Hertogs was in a homosexual relationship with Cornelis Stolk, Vice President of the court in The Hague.

== Arrest ==
After the murder on Edith Post, the police received an anonymous call with the information that Edith had bitten her murderer, and a bouncer of nightclub "De Nachtegaal" (The Nightingale) had a severe bite wound on his little finger. The bouncer, who was subsequently arrested, turned out to be Koos Hertogs. Police searched his house and found traces of blood matched to Tialda Visser and Emy den Boer. In the attic, police found an insulated room. It is believed that Hertogs hid and raped his victims here for a period of time, before killing them. Hertogs was sentenced to life imprisonment. Until 1989 Hertogs denied killing the girls. However, after consultation with his lawyer, he confessed so he could be placed on a lighter regime.

== Sting operation ==
For a long time, there were rumours that Hertogs had protection from high-level individuals. In the book Zuidwal, which tells the story of the serial killer, it is claimed that Hertogs was protected by Cornelis Stolk, an important judge and vice president of the court, however, both men denied the claims. In 2009 crime reporter Peter R. de Vries started a sting operation, trying to reveal if Hertogs murdered more people or if the claims made in the book were true. While being filmed with hidden cameras, Hertogs, talking with a 'dear' friend, who turned out to be an infiltrator working for De Vries, made some notable admissions.

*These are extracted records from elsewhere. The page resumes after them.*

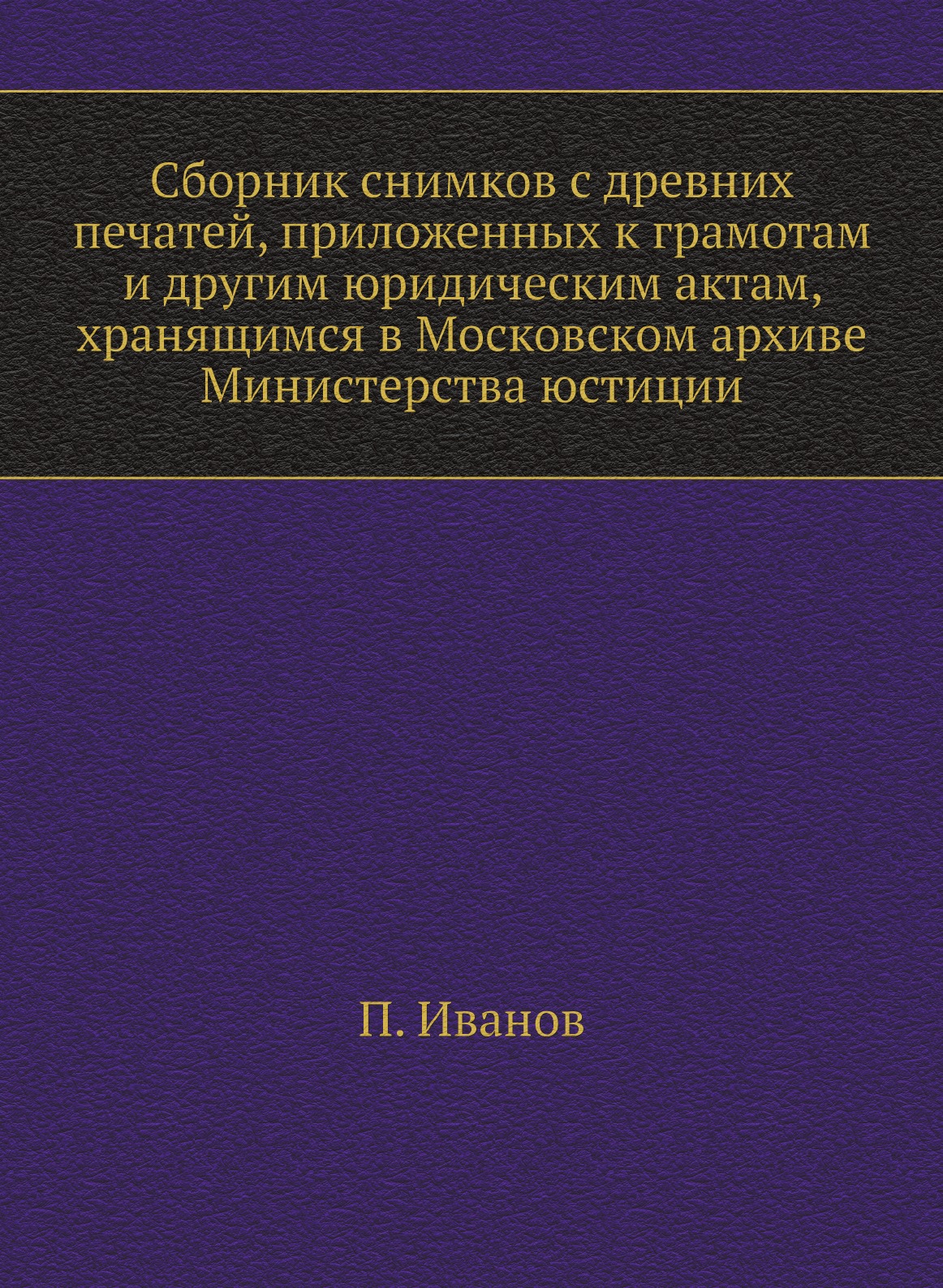 Печатная книга «Сборник снимков с древних печатей, приложенных к грамотам и другим юридическим актам, хранящимся в Московском архиве Министерства юстиции» в мягкой обложке, язык - русский. В книге 92 страниц, она напечатана на белой офсетной бумаге плотностью 80 г/м². Формат издания — 205x280 мм. Все книги аккуратно упаковываем в прочный трёхслойный непрозрачный картонный конверт.
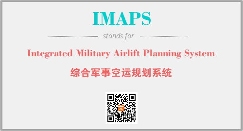 英文缩略词“IMAPS”经常作为“Integrated Military Airlift Planning System”的英文缩写来使用,中文表示:“综合军事空运规划系统”。本文将详细介绍英文缩写词IMAPS所代表英文单词,其对应的中文拼音、详细解释以及在英语中的流行度。此外,还有关于缩略词IMAPS的分类、应用领域及相关应用示例等。
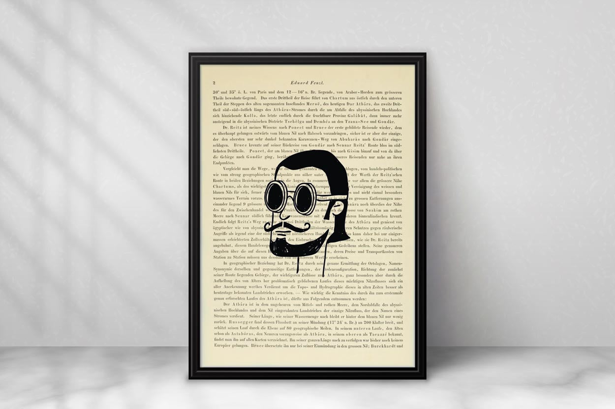 Unsere Drucke sind auf Seiten der Denkschriften der Akademie der Wissenschaften in Wien gefertigt, die über die Jahre eine wunderschöne elfenbeinfarbene Patina entwickelt haben. Mit einem Alter von mindestens 100 Jahren hat jede Seite ihren eigenen einzigartigen Charakter. Jeder Druck erfolgt direkt auf die einzelne Buchseite, sodass kein anderer das gleiche Stück wie du besitzen wird – ein echtes Unikat eben.
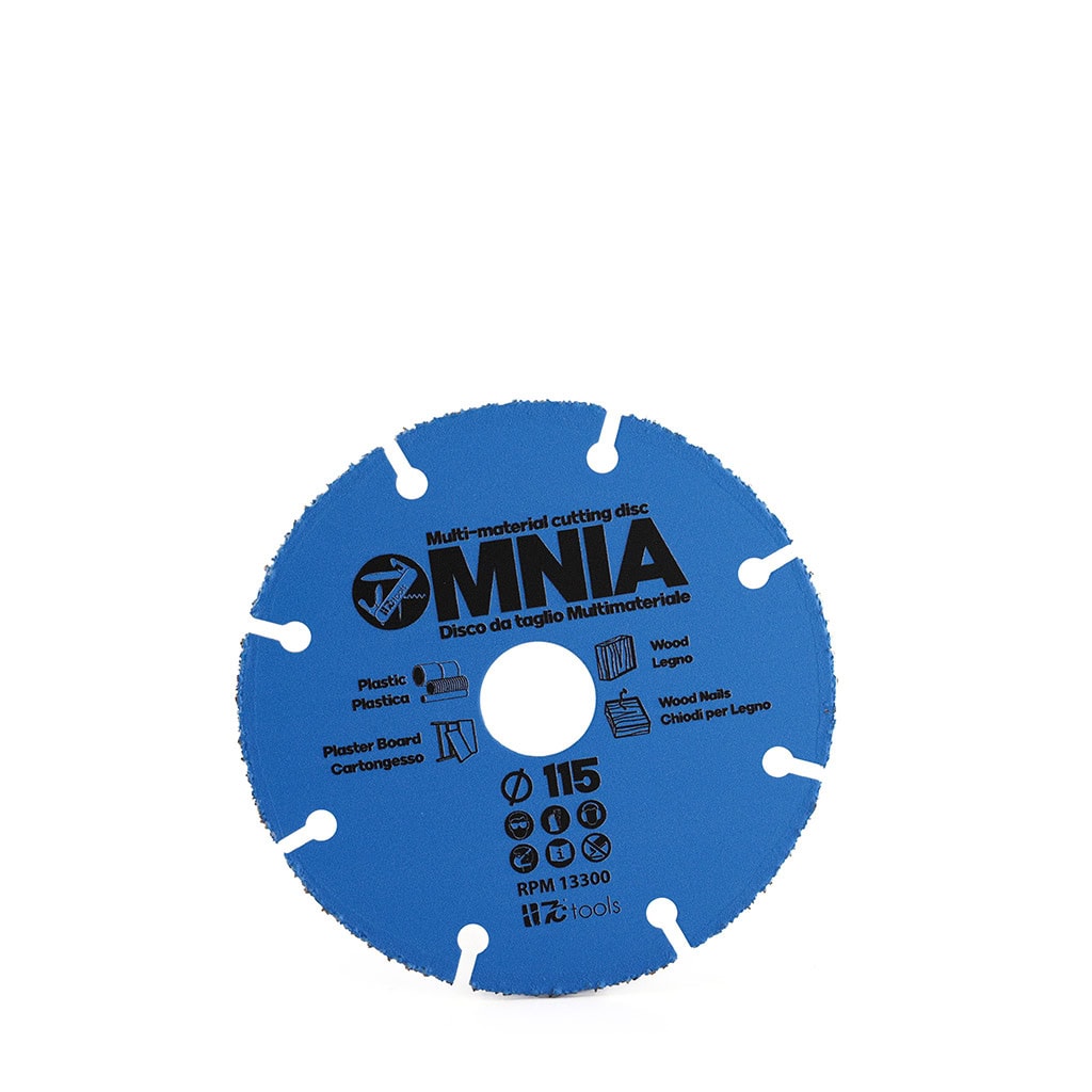 Omnia universal tungsten carbide cutting disc, 115 mm diameter. Ideal for precision cuts on plastic, wood, drywall and wood nails.
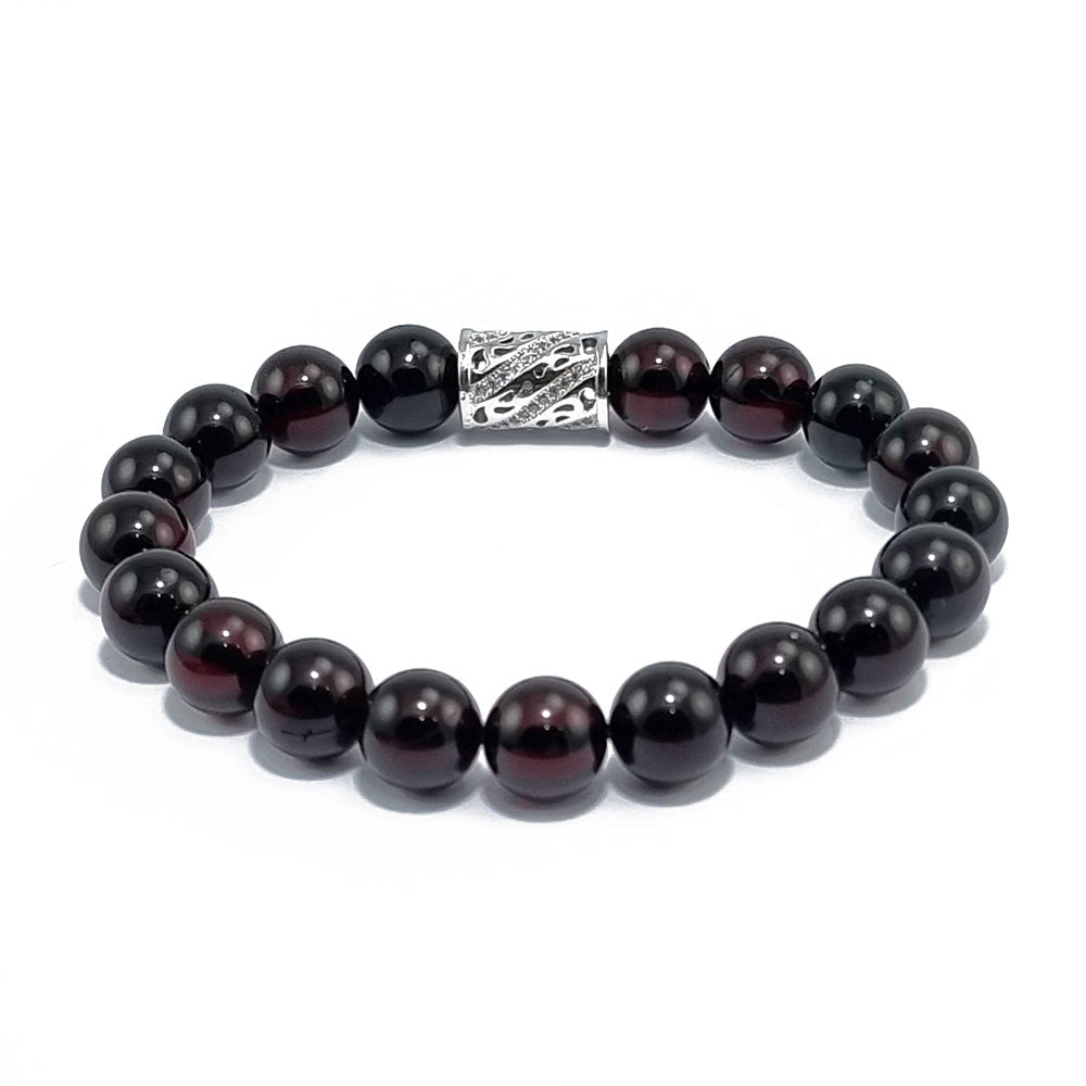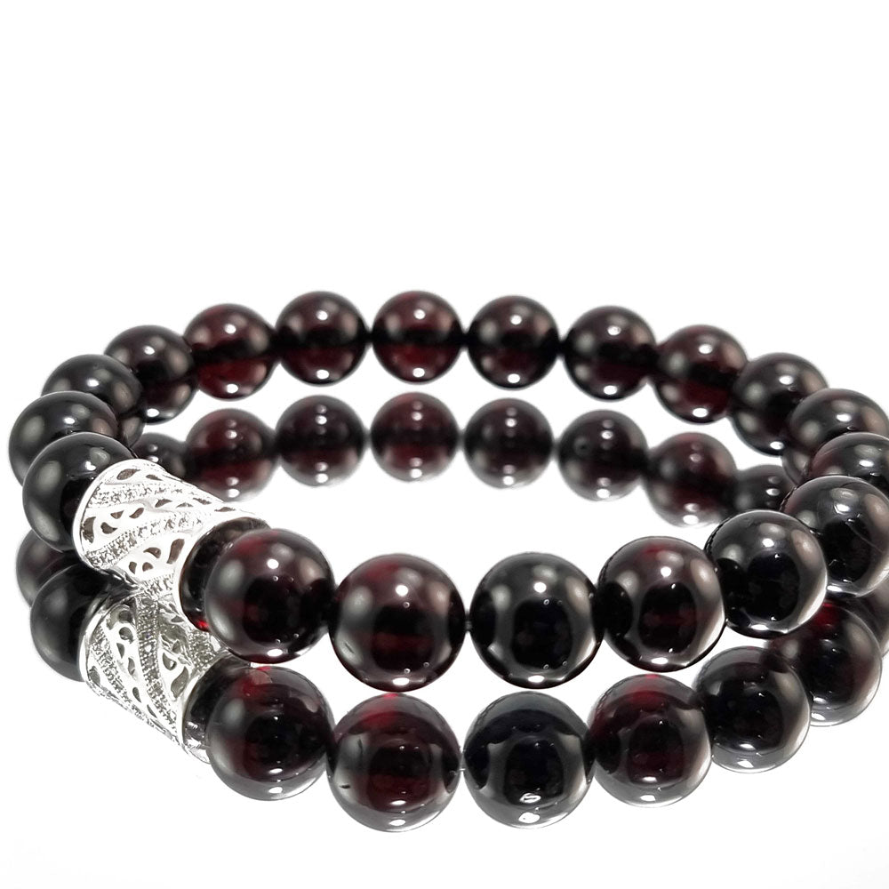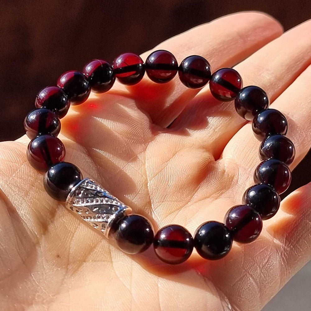 Baltic amber round beads stretch bracelet with brass ball Cherry color round Baltic amber beads Brass metal details 100% nickel and lead free Bead size:...

- He admitted he kidnapped and murdered the three girls.
- With the murder of Edith Post he had an accomplice.
- Three times he had plans to murder someone, however, the plans weren't carried out or failed.
  - Claimed a man he planned to kill who he had an argument with fled inside a pool hall before Hertogs could kill him.
  - Claimed he planned to kill a director of a juvenile prison, however, the man died before Hertogs could carry out his plan.
  - Hertogs lured an inmate into a trap, however, a guard got suspicious and locked him up.
- Confessed knowing who murdered the two Swedish women Gun-Ingeborg Johannesson (18) and Ann Jönsson (19) in a forest near La Roche-en-Ardenne.
- Confessed he had a special bond with judge Cornelis Stolk. Stolk paid for the driver's license of Hertogs and after an earlier conviction, Stolk placed him under the care of a 'befriended' psychiatrist, who later turned out to be the ex-wife of Stolk. At the end of the television show, it was revealed that Hertogs, in return, offered sexual services (oral sex) and child pornography to Cornelis Stolk. Mr. Cornelis Stolk died on 10 June 2004, aged 87.